(Stored records)
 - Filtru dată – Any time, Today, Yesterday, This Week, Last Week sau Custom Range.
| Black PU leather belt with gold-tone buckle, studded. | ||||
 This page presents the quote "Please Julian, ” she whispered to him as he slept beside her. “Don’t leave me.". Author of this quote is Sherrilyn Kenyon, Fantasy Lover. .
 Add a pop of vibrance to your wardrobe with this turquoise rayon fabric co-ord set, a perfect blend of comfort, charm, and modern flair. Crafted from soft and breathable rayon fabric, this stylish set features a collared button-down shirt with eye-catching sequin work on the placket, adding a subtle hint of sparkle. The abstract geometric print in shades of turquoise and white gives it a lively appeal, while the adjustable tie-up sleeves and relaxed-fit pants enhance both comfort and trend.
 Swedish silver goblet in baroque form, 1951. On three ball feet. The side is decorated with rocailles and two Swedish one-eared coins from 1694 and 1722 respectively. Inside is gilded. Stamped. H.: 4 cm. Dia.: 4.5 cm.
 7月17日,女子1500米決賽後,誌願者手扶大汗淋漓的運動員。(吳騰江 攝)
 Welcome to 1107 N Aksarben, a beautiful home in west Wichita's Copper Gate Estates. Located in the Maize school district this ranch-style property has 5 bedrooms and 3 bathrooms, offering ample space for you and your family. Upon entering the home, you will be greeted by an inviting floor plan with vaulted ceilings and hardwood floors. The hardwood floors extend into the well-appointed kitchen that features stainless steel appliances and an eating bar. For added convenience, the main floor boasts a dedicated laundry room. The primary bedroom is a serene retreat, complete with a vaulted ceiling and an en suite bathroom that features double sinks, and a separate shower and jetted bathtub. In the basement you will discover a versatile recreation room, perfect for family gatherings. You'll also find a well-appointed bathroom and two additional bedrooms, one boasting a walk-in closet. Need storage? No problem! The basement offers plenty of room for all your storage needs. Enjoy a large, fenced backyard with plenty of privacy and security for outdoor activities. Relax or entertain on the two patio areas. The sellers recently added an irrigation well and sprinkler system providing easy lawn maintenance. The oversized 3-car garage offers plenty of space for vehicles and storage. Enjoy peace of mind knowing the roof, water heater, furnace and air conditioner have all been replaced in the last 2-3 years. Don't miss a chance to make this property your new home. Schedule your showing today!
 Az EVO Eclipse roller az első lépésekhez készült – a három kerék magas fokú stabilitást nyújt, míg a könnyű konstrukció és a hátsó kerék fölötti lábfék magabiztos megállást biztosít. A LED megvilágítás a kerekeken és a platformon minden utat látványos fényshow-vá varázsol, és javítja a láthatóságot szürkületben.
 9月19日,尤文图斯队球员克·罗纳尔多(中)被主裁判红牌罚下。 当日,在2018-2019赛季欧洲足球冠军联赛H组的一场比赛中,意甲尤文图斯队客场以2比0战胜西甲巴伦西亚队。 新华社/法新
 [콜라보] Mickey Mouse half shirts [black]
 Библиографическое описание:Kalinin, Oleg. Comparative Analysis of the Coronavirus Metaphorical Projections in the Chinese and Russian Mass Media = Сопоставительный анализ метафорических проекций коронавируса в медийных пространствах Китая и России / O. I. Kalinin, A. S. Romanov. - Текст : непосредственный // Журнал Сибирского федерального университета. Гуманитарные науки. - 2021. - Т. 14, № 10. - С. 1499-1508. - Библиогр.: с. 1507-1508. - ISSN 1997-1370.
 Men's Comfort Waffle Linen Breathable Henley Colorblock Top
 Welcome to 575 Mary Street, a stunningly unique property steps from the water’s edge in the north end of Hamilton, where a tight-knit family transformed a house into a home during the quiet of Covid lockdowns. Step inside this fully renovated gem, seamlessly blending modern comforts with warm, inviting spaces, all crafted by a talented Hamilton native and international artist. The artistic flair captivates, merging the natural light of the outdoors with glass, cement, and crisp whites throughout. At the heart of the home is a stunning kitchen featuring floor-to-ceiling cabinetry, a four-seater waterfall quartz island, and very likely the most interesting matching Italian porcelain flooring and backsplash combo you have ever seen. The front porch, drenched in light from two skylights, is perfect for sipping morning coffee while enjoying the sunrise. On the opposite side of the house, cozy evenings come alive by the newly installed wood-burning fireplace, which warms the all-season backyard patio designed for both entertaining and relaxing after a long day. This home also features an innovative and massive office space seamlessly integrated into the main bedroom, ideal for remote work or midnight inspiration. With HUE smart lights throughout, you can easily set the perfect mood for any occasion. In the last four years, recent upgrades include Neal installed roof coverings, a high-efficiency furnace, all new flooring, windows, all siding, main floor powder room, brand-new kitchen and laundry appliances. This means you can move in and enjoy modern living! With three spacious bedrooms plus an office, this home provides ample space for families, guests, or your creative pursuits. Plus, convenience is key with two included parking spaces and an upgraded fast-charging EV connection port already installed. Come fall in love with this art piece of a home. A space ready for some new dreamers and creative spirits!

Required work: The lines to copy run from the first line of the entries to the line containing "7月17日,女子1500米決賽後,誌願者手扶大汗淋漓的運動員。(吳騰江 攝)"; copy them exactly and output nothing else.

Solution:
 - Filtru dată – Any time, Today, Yesterday, This Week, Last Week sau Custom Range.
| Black PU leather belt with gold-tone buckle, studded. | ||||
 This page presents the quote "Please Julian, ” she whispered to him as he slept beside her. “Don’t leave me.". Author of this quote is Sherrilyn Kenyon, Fantasy Lover. .
 Add a pop of vibrance to your wardrobe with this turquoise rayon fabric co-ord set, a perfect blend of comfort, charm, and modern flair. Crafted from soft and breathable rayon fabric, this stylish set features a collared button-down shirt with eye-catching sequin work on the placket, adding a subtle hint of sparkle. The abstract geometric print in shades of turquoise and white gives it a lively appeal, while the adjustable tie-up sleeves and relaxed-fit pants enhance both comfort and trend.
 Swedish silver goblet in baroque form, 1951. On three ball feet. The side is decorated with rocailles and two Swedish one-eared coins from 1694 and 1722 respectively. Inside is gilded. Stamped. H.: 4 cm. Dia.: 4.5 cm.
 7月17日,女子1500米決賽後,誌願者手扶大汗淋漓的運動員。(吳騰江 攝)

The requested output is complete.